▶ Prompt: Print, word for word, the opening line of the data below and every line after it through the line that contains "После настройки произошла", but not the pictures.

▶ Data below:
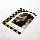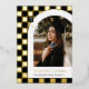Esta moderna y única invitación de graduación tiene un Relieve metalizado de oro real y un fondo de cuadros negros que destaca una fotografía del graduado enmarcado en un arco blanco con el nombre del graduado y la escuela debajo. Con el año de graduación se muestra astutamente un pequeño límite de graduación en el fondo comprobado. La parte trasera tiene un divertido patrón a juego marcado en blanco y negro.
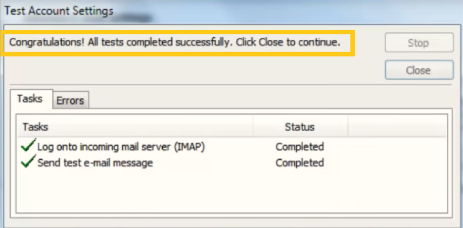 После настройки произошла настройка IMAP. Вы увидите сообщение об успешном завершении.
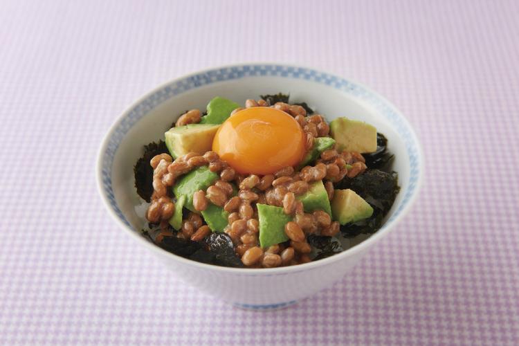 アボカド納豆丼(卵黄のせ) 和える ご飯もの 納豆 材料 (1人分) 納豆 1パック 添付のたれ・からし 1袋 ご飯 茶碗大1杯 アボカド 1/2個 もみのり 1/4枚 卵黄 1個 わさび 少々 ※お好みでしょうゆ 作り方 アボカドは半分に切り、種を取り、2cm角程度に切る。 納豆と添付のたれ・からしを混ぜ合わせる。 1.と2.をさっくりと混ぜる。 丼にごはんをよそい、もみのりを散らし、3.をのせて、最後に卵黄を中央にのせる。 ※お好みでしょうゆをかける。 ワンポイントアドバイス アボカドには「ビタミンエース」と呼ばれる、ビタミンA、C、Eが含まれています。豊富な栄養をたくさん摂りバランスの良い食事を!
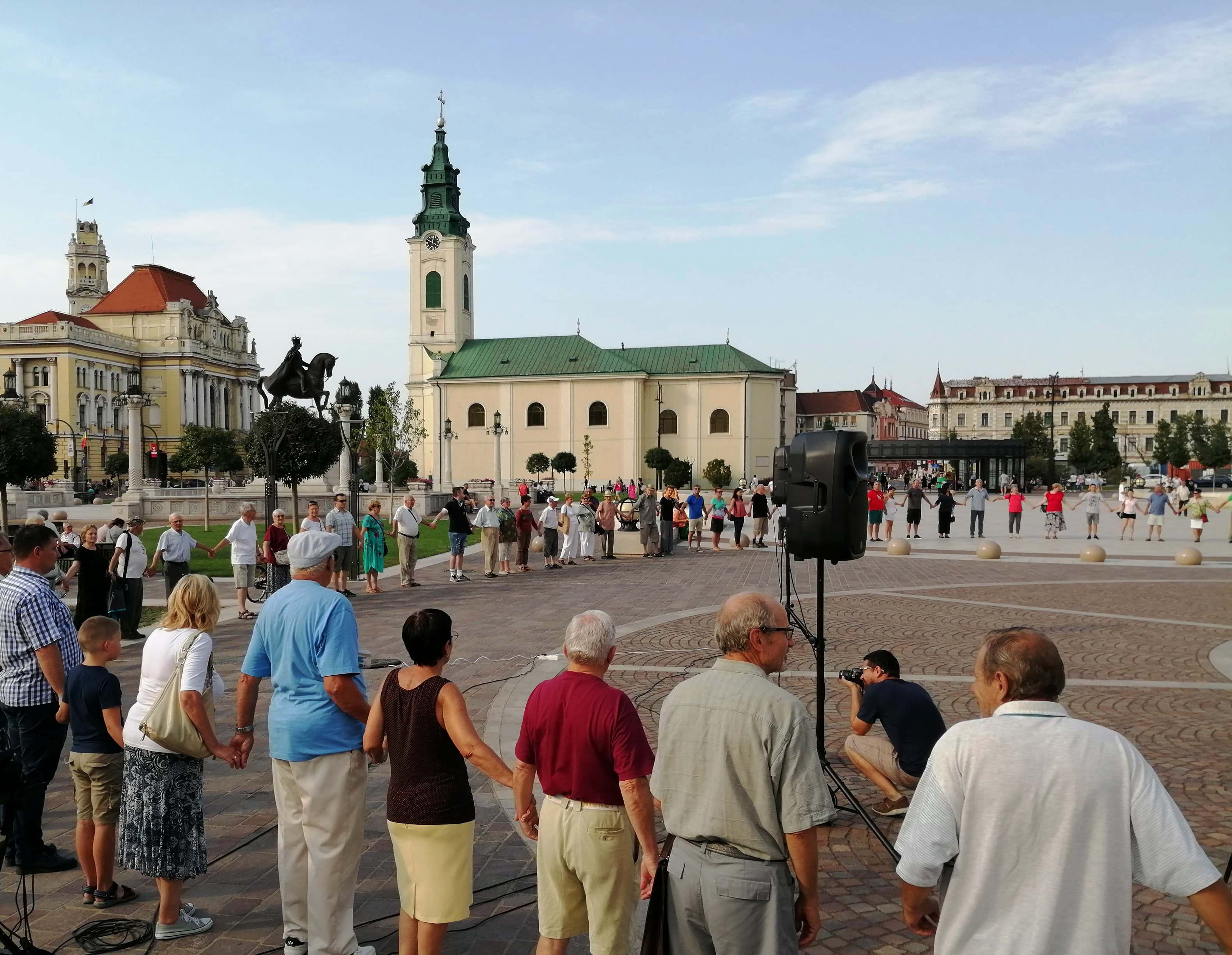 Folytatódik Nagyváradon a Szent László főtéri lovasszobráért indított figyelemfelkeltő megmozdulássorozat, kedd délután ismét élőláncos demonstrációt tartottak a város főterén. A Szent László térre meghirdetett eseményen, a nagy meleg ellenére, mintegy 150 nagyváradi vett részt.

▶ Response for this exercise:
Esta moderna y única invitación de graduación tiene un Relieve metalizado de oro real y un fondo de cuadros negros que destaca una fotografía del graduado enmarcado en un arco blanco con el nombre del graduado y la escuela debajo. Con el año de graduación se muestra astutamente un pequeño límite de graduación en el fondo comprobado. La parte trasera tiene un divertido patrón a juego marcado en blanco y negro.
 После настройки произошла настройка IMAP. Вы увидите сообщение об успешном завершении.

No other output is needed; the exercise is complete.